(Source material Opens)
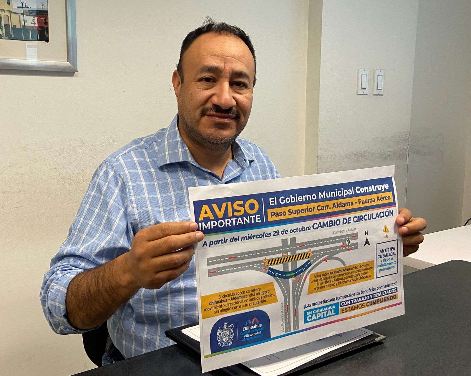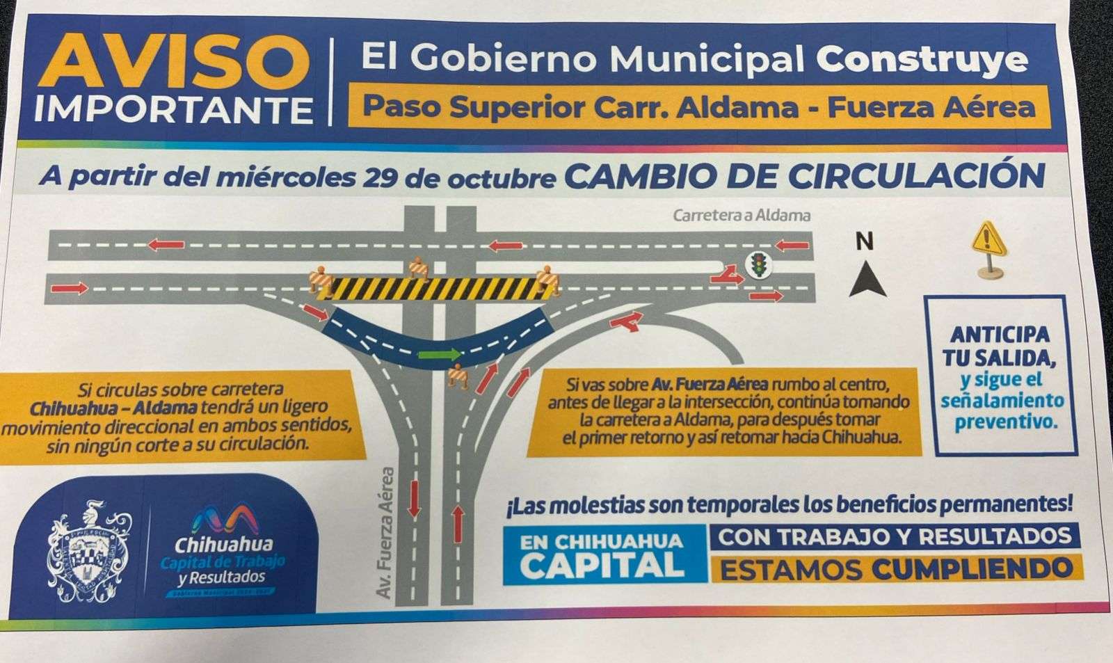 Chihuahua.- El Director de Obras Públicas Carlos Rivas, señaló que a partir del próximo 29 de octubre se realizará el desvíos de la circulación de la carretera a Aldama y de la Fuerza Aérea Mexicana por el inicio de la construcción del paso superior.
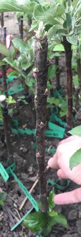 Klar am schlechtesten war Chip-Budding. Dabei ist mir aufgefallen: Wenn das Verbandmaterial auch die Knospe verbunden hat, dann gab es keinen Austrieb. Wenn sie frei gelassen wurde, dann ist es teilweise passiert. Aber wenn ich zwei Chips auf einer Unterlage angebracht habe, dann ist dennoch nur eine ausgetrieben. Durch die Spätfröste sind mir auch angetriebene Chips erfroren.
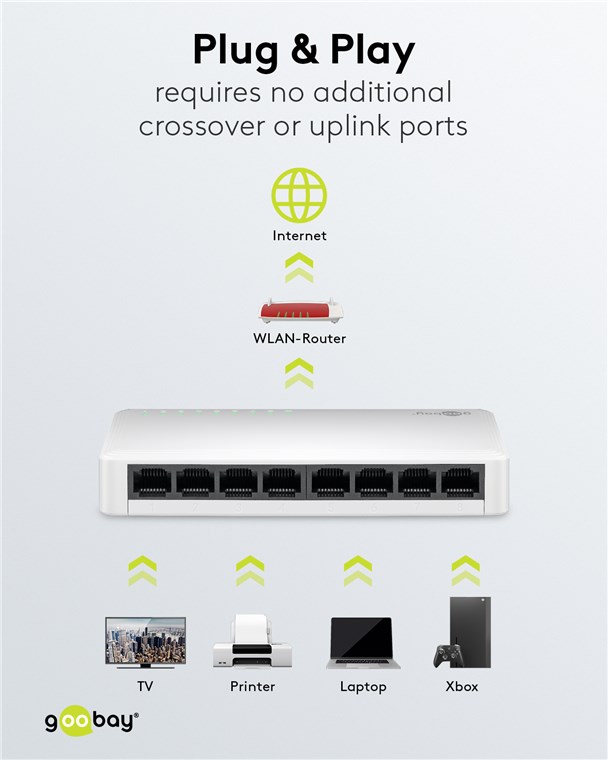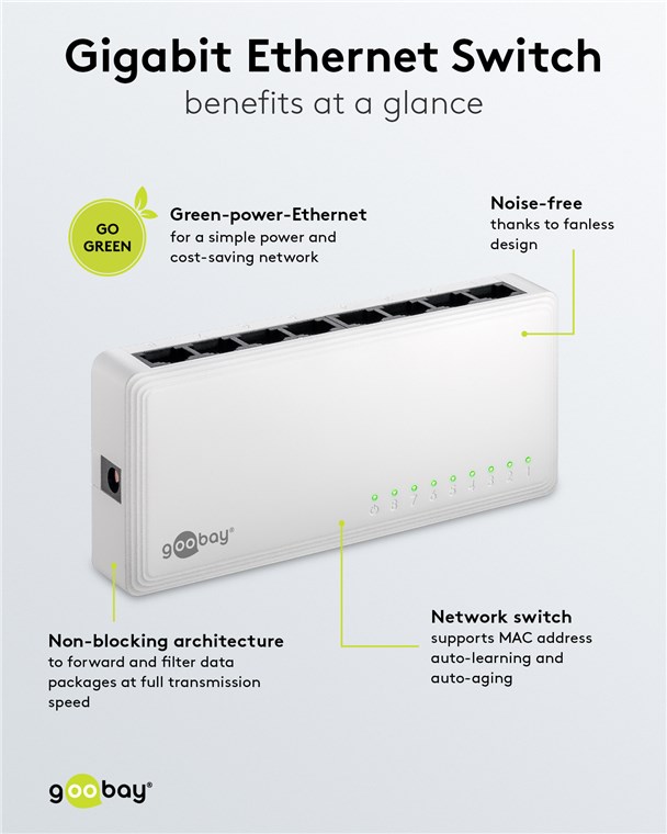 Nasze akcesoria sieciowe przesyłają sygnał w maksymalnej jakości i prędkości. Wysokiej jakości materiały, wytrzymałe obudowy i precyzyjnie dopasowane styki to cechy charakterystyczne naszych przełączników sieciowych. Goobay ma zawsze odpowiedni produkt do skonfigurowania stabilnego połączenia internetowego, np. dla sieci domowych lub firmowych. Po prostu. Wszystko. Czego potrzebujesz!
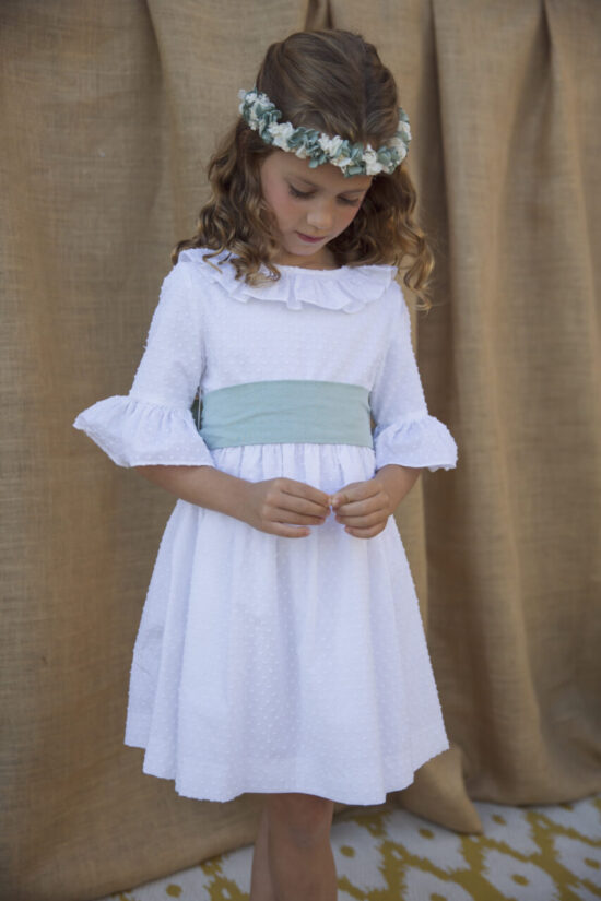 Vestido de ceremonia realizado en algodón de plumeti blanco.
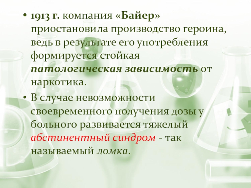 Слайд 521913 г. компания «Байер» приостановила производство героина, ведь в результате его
(Source material Closes)
(Source material Opens)
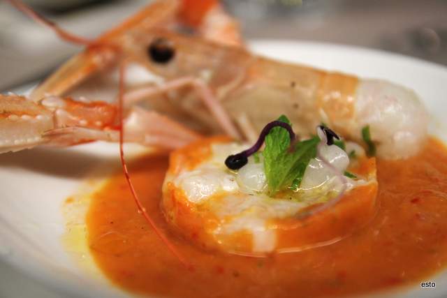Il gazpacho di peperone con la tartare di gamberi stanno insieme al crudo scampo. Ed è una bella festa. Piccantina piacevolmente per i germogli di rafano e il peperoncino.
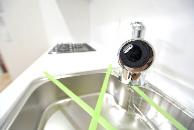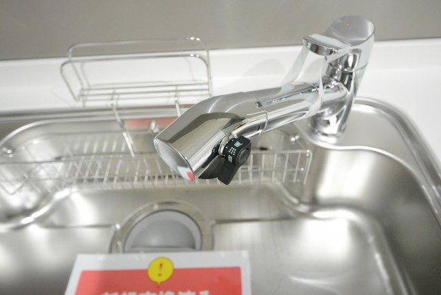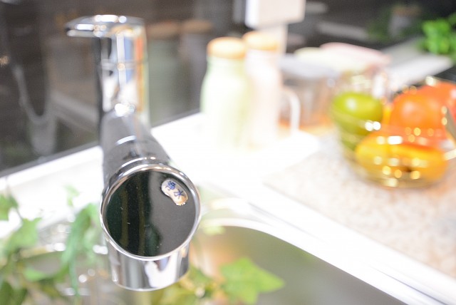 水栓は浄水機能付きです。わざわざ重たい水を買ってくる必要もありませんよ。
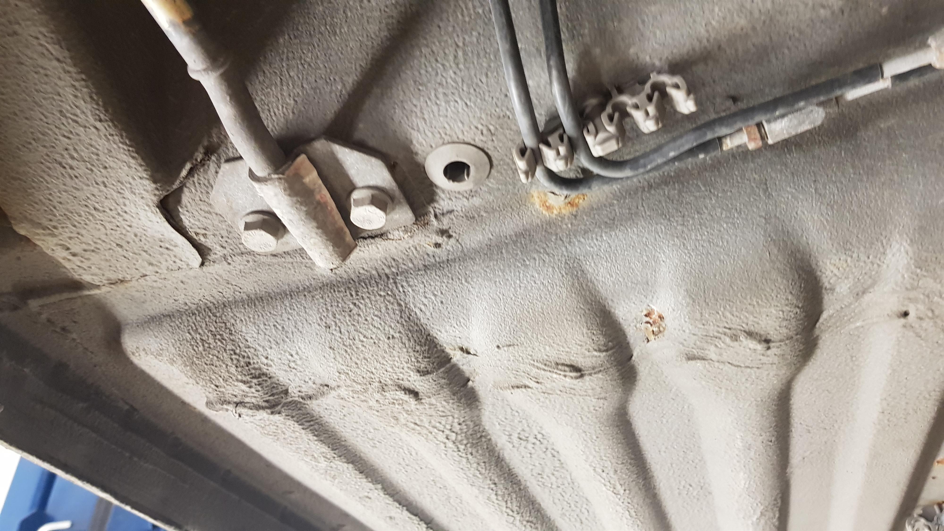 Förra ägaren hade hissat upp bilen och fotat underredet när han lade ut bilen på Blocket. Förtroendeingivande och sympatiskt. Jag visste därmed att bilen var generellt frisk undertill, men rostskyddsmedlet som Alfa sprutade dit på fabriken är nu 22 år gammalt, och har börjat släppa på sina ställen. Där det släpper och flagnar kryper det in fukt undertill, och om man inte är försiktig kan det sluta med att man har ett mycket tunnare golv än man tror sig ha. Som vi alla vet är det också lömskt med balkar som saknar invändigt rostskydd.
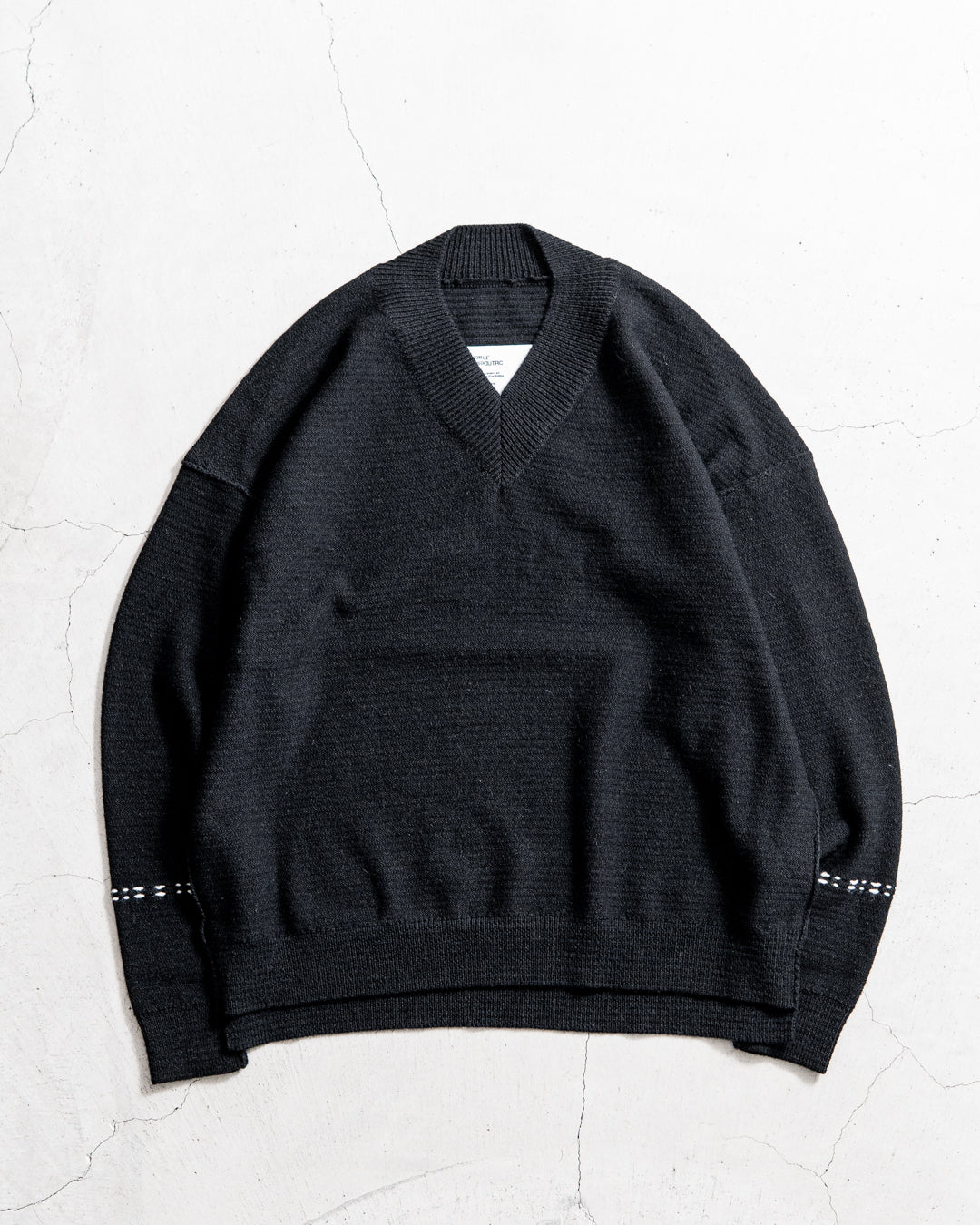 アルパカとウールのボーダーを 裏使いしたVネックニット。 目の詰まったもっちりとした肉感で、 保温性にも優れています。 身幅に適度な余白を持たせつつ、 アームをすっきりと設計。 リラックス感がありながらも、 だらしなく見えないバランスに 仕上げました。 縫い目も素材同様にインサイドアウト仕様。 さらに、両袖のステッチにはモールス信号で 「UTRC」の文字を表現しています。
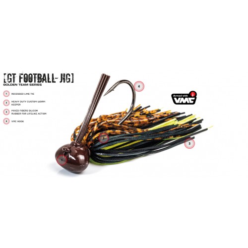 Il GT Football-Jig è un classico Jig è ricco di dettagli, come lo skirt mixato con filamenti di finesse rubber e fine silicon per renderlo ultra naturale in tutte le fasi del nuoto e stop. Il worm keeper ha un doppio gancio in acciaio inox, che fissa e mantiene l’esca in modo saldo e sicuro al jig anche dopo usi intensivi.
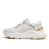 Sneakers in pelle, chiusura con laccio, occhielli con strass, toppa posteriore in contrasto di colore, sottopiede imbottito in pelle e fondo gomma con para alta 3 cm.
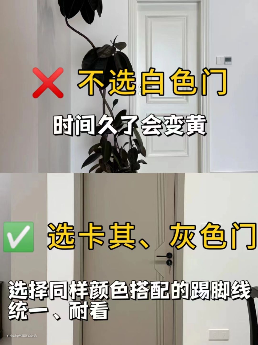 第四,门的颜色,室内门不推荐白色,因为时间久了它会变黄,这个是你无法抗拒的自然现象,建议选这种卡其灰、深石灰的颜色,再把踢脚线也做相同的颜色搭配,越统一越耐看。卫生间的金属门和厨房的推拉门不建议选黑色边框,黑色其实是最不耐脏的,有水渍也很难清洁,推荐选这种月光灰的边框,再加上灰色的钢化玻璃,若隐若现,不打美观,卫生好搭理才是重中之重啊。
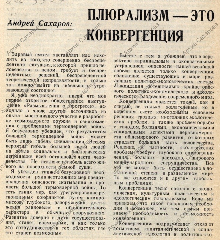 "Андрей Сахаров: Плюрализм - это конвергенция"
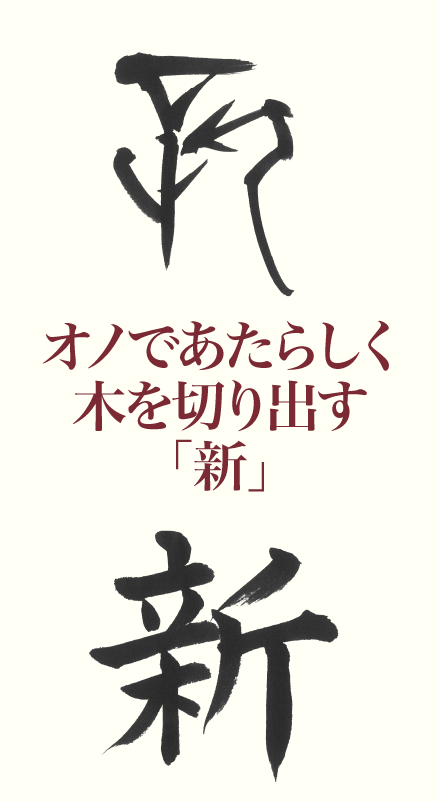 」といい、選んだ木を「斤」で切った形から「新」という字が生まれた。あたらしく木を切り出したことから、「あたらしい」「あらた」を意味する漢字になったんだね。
(Source material Closes)
[Problem to work on] Every line above between the one containing "Förra ägaren hade" and the one containing "アルパカとウールのボーダーを 裏使いしたVネックニット。 目の詰まったもっちりとした肉感で、", those two included, is to be printed exactly. No pictures go into the copy.

[Solution for this exercise]
 Förra ägaren hade hissat upp bilen och fotat underredet när han lade ut bilen på Blocket. Förtroendeingivande och sympatiskt. Jag visste därmed att bilen var generellt frisk undertill, men rostskyddsmedlet som Alfa sprutade dit på fabriken är nu 22 år gammalt, och har börjat släppa på sina ställen. Där det släpper och flagnar kryper det in fukt undertill, och om man inte är försiktig kan det sluta med att man har ett mycket tunnare golv än man tror sig ha. Som vi alla vet är det också lömskt med balkar som saknar invändigt rostskydd.
 アルパカとウールのボーダーを 裏使いしたVネックニット。 目の詰まったもっちりとした肉感で、 保温性にも優れています。 身幅に適度な余白を持たせつつ、 アームをすっきりと設計。 リラックス感がありながらも、 だらしなく見えないバランスに 仕上げました。 縫い目も素材同様にインサイドアウト仕様。 さらに、両袖のステッチにはモールス信号で 「UTRC」の文字を表現しています。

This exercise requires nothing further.